When Hannah Detlefsen was born in 2017, her parents celebrated a healthy 8-pound baby. But in the ensuing months, they began to grapple with a very different truth.

Hannah’s father, Jeffrey Detlefsen, saw something unusual while cradling his newborn. “It was just a few days before her two-month checkup, and I noticed there was no pupil in her right eye,” he said. “It was just this blue, cloudy iris.”

That was the beginning of the family’s medical odyssey. First, an eye specialist suggested Hannah had retinoblastoma, a rare type of eye cancer that can be life-threatening.

“It was pretty traumatic,” Detlefsen said. It was the first time he and his wife had to bring a child to an emergency room. “We left that night thinking she had cancer of the eye.”


But three weeks later, a different specialist offered a potentially worse prognosis: Gould syndrome, a rare genetic disease that causes brain abnormalities and affects other organs, including the eyes, the brain and the kidneys.

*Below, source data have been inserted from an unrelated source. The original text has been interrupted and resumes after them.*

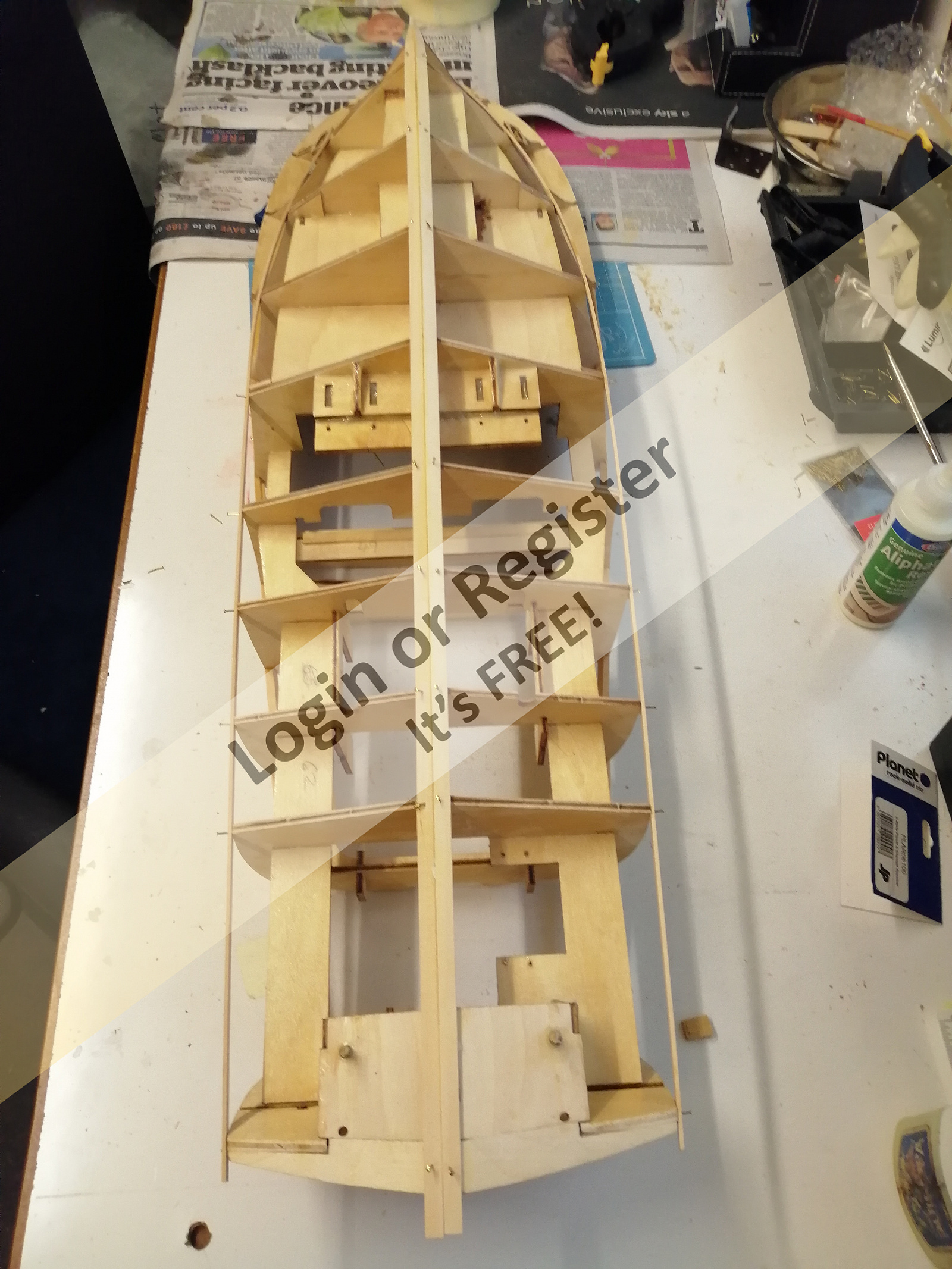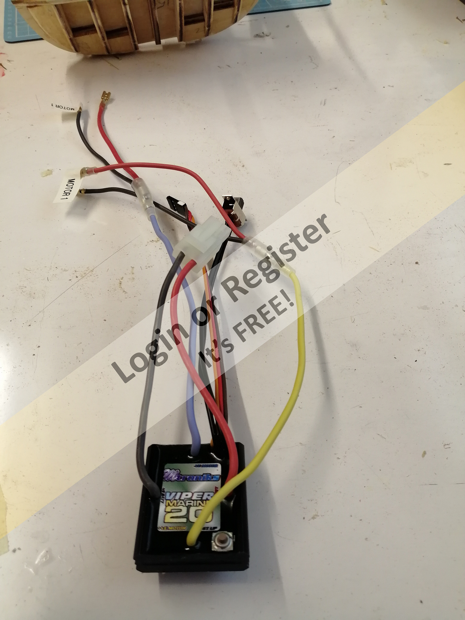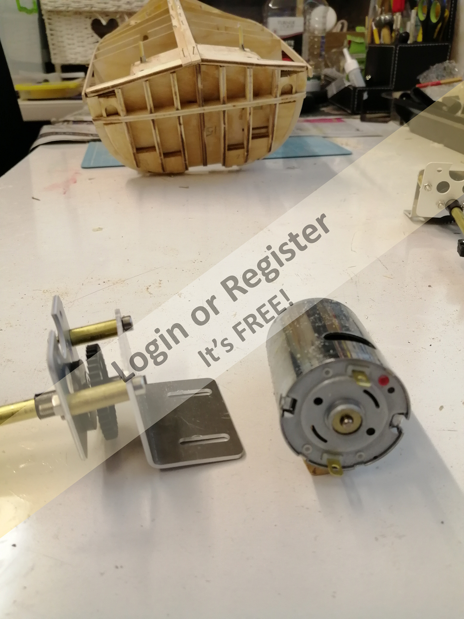 The motors supplied unfortunately don't have any markings whatsoever on the casings so I've no idea of the ratings. I've taken photos of the motors from different angles and also the assembled gearbox and the supplied ESC. Don't know if anyone can recognise these motors? I've also taken a photo of my hull after applying the 1st two planks. I've put cocktail sticks down the rudder tubes to stop them from getting blocked. I'm seriously considering laying both the spruce and mahogany planking up to the waterline and then fitting the motors and rudders and linkages whilst there is still a bit more access to these areas! I struggled to do a temporary fix of these earlier and once the sides are in place I think it will be almost impossible to get my hands in to do the task. Hope it works!!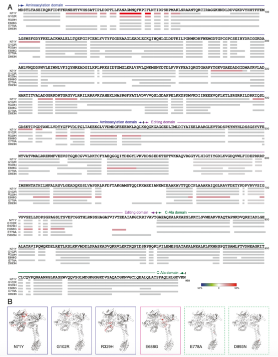 Fig 1 在AlaRS中促進CMT發生的突變分布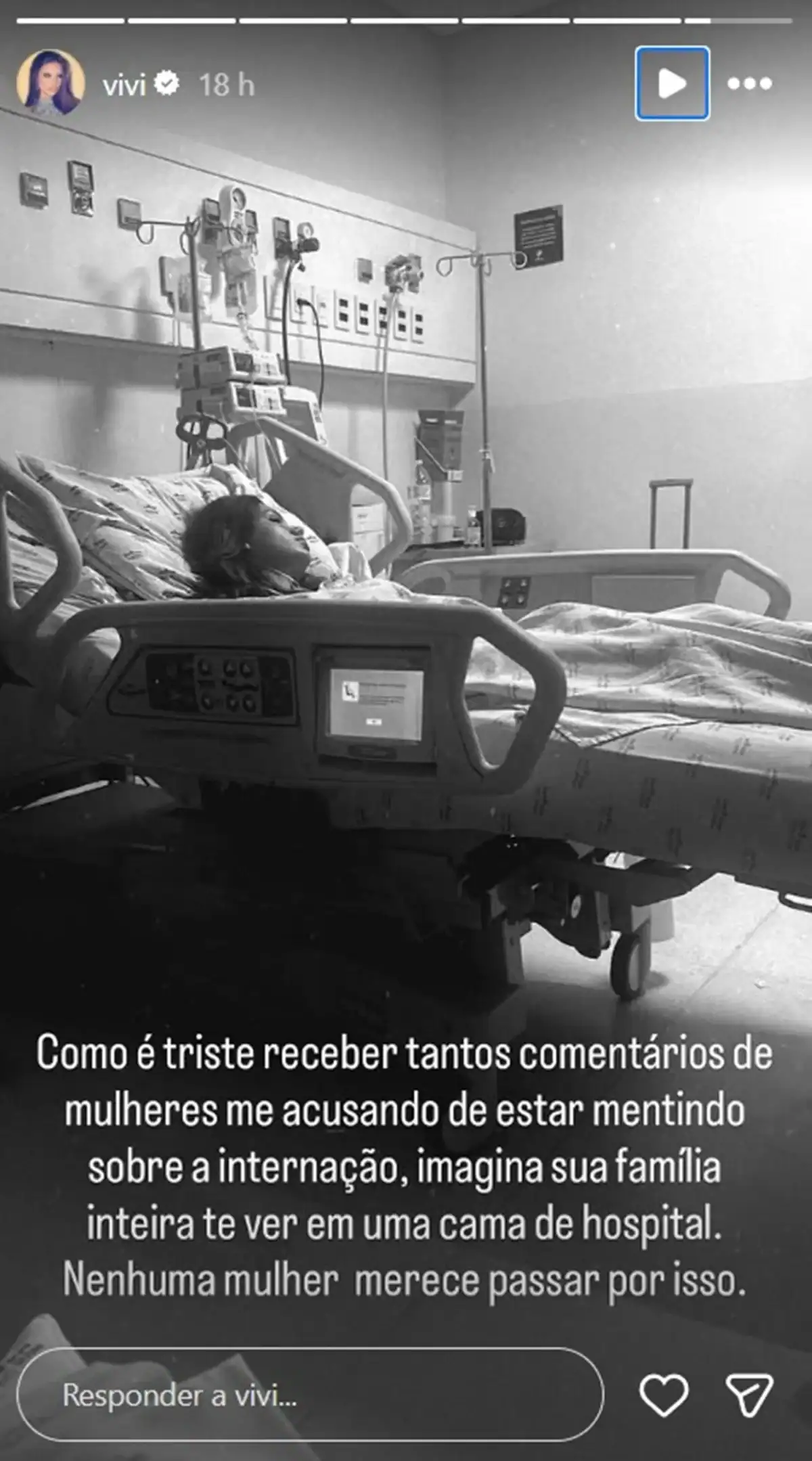 Ainda nos stories do Instagram, Vivi Wanderley afirmou que recebeu comentários de mulheres duvidando de sua internação devido a problemas no relacionamento. Para comprovar, ela postou uma foto em uma cama de hospital e expressou tristeza ao ver mulheres duvidando de seu relato: “Como é triste receber tantos comentários de mulheres me acusando de estar mentindo sobre a internação, imagina sua família inteira te ver em uma cama de hospital. Nenhuma mulher merece passar por isso”, escreveu a famosa.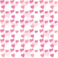Image Description: Romantic border of colored hearts in white pink and red arranged in rows on a textured wooden background with copy space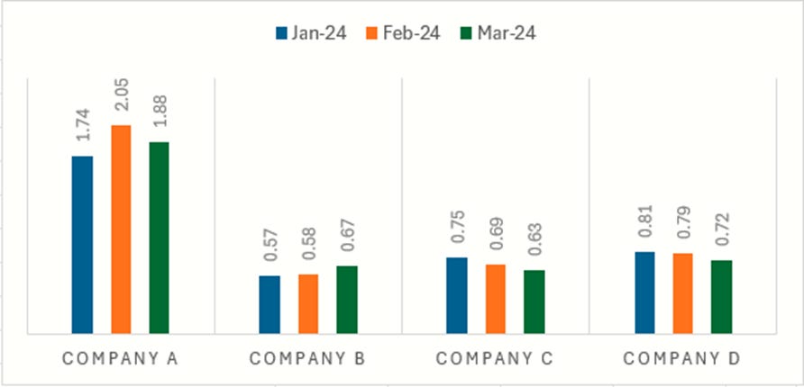 In this example, we’ve been consistently conducting market shares for 3 months in a market. Each color represents an operator in a particular market, of which there are 4 in total. We looked at Jan, Feb and March 2024.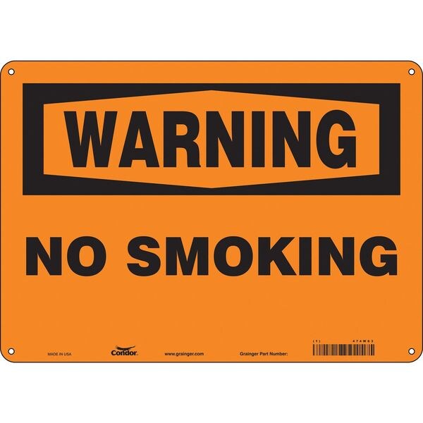 Safety Sign, Horizontal Rectangle, Number of Printed Sides 1, English, Sign Format Traditional OSHA, Sign Legend No Smoking, Sign Legend Background Color Orange, Sign Legend Style Text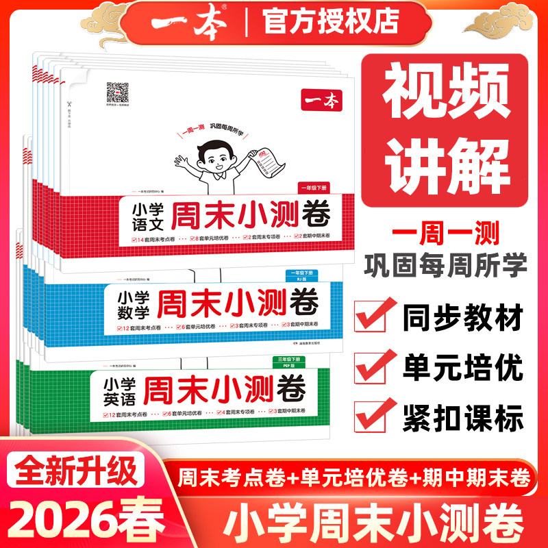 📚 2026春一本小学周末小测卷语文数学英语一二三四五六年级下册试卷测试卷全套人教版北师版苏教版江苏专用上册同步单元期中期末考卷

“It took two-and-a-half to three weeks to get in for an MRI — the longest two weeks of our lives,” Detlefsen said. The MRI showed that Hannah missed a big portion of her brain matter important for mental function. They also suspected that Hannah had had a stroke in utero that left lasting brain damage.

Desperate for answers, Detlefsen frantically searched the internet. He found a mother in South Africa whose son had a similar condition to Hannah. Through their back-and-forth exchanges, Detlefsen learned about Gould syndrome.

A smiling woman and man lean over a broadly smiling child who lays in a hospital bed
Mary and Jeff Detlefsen pose for a photo with their daughter Hannah on May 22, 2024, during a visit to UCSF Benioff Children’s Hospital in San Francisco. (Beth LaBerge/KQED)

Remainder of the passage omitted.